In the course of his book, which is more exciting to read than a crime novel, he examines from various angles how such a hyper-individualistic, parasitic view of the world could come about. Rushkoff speaks with investors and scientists such as biologist Richard Dawkins and Colombian real estate mogul Rodrigo Niño, whose technology-believing and anti-human “mindset” has long had a decisive influence on the economy, politics and society.
Rushkoff, who has been critically concerned with digitalization since the 1990s, gives further examples, such as the exploitation of human data by companies like Facebook. According to Rushkoff, we have long since ceased to be their users, but rather products. People are seen as hardware; manipulating them is far more profitable than empowering them, he says elsewhere. He also shows how master programmers continually set out to recreate the world – as if it were just a video game. As if you could set reality to zero. The hero’s journey that screams at us from every book and every film is taken as a model, says Rushkoff. In the end everything will be fine – at least for the super rich. That’s how they think. Real life tells completely different stories.
Elsewhere, the author reflects on the trend of self-empowered “leaders” and influencers taking psychedelic drugs at the legendary “Burning Man” festival or somewhere in the Amazon region – and returning “purified” to single-handedly solve the world’s problems for us. As profitable as possible. Presented in the lurid TED Talk format. With technology as a panacea. It doesn’t occur to them to join actors around the world who have already set out on their journey – without any desire for profit. Rushkoff cites studies showing that economic elites substantially manipulate governments, while citizens and interest groups have little or no influence. At this point, but also at other points in the fact-rich book, one would have liked to go even deeper.
“Instead of ensuring our security, our financial and technological systems are now the greatest threat to our collective well-being,” Rushkoff concludes. Also illuminating in this context is his reference to research that has shown that the experience of wealth and power influences the part of the brain that is responsible for empathy and socially appropriate behavior. Poor people, says Rushkoff, are much better at judging other people’s emotions. Accordingly, Rushkoff concludes, we should not only “scrutinize with critical ears the promises of the tech titans and billion-dollar investors, but also those of the world rulers under their spell.”

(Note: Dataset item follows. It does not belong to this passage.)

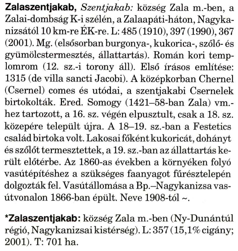 Nyilvános 1938 | 5441 | A szócikkek felismertetett szövege: | (A csillag után a kiegészítő kötetből származó szöveg következik) Zalaszentjakab, Szentjakab: község Zala m.-ben, a Zalai-dombság K-i szélén, a Zalaapáti-háton, Nagykanizsától 10 km-re ÉK-re. L: 485 (1910), 397 (1990), 367 (2001). Mg. (elsősorban burgonya-, kukorica-, szőlő- és gyümölcstermesztés, állattartás). Román kori templomrom (12. sz.-i torony áll). Első írásos említése: 1315 (de villa sancti Jacobi). A középkorban Chernel (Csernel) comes és utódai, a szentjakabi Csernelek birtokolták. Ered. Somogy (1421-58-ban Zala) vm.-hez tartozott, a 16. sz. végén elpusztult, csak a 18. sz. közepére települt újra. A 18—19. sz.-ban a Festetics család birtoka volt. Lakosai főként kukoricát, dohányt és szőlőt termesztettek, a 19. sz.-ban az állattartás került előtérbe. Az 1860-as években a környéken folyó vasútépítéshez a szükséges faanyagot fűrésztelepén dolgozták fel. Vasútállomása a Bp.-Nagykanizsa vasútvonalon 1866-ban épült. Neve 1908-tól ~. *Zalaszentjakab: község Zala m.-ben (Ny-Dunántúl régió, Nagykanizsai kistérség). L: 357 (15,1% cigány; 2001). T: 701 ha. A szócikkek a következő lexikonból származnak: Cím: Magyar nagylexikon Közreműködő: Élesztős László (1949) (szerk.) ; Barabás Éva (1943) (szerk.) ; Berényi Gábor (1946) (szerk.) ; Bárány Lászlóné (szerk.) ; Adelmann-né Kertész Judit (1945) (közrem.) ; Froemel Károlyné Jáky Éva (1936) (közrem.) ; Akadémiai Kiadó és Nyomda Vállala Szerz. közl.: [... Élesztős László főszerk.] ; [szerk. Barabás Éva et al.] ; [bibliogr. Adelmanné Kertész Judit] ; [kész. az Akadémiai Kiadó Magyar Nagylexikon Szerkesztőségében] Kiadás: Budapest : Akad. K., 1993- Kötetei: 1. köt., A - Anc 2. köt., And - Bag 3. köt., Bah - Bij 4. köt., Bik - Bz 5. köt., C - Csem 6. köt., Csen - Ec 7. köt., Ed - Fe 8. köt., Ff - Gyep 9. köt., Gyer - Iq 10. köt., Ir - Kip 11. köt., Kir - Lem 12. köt., Len - Mep 13. köt., Mer - Nyk 14. köt., Nyl - Pom 15. köt., Pon - Sek 16. köt., Sel - Szö 17. köt., Szp - Ung 18. köt., Unh - Z 19. köt., Kiegészítő kötet, A - Z ETO jelzet: 030=945.11 Szakjelzet: 030 Cutter: M 14 ISBN: 963-05-6611-7 [!ISBN 963-05-6615-X] Nyelv: magyar Megjegyzés: Az 5. kötettől kiad. a Magyar Nagylexikon Kiadó ; A 6. kötettől főszerk. Berényi Gábor ; A 6. kötettől szakszerk. Bárány Lászlóné et al. ; A 6. kötettől bibliogr. Froemel Károlyné ; Bibliogr. a szócikkek végén |

We can only do it together, the author emphasizes again and again. At this point one would have wished for more comprehensive solutions to how the super-rich sociopaths could be politically and socially undermined – but that would also be an exciting topic for another book by this clever author. He will probably have time for that; after reading it, you can’t imagine that he will continue to be consulted by tech billionaires. In any case, it is to be hoped that a German publisher will now take on this volume, which is currently only available in English, for translation.
Douglas Rushkoff: Survival of the Richest. Escape Fantasies of the Billionaires. Norton & Company, 212 S., geb., 19,30 €.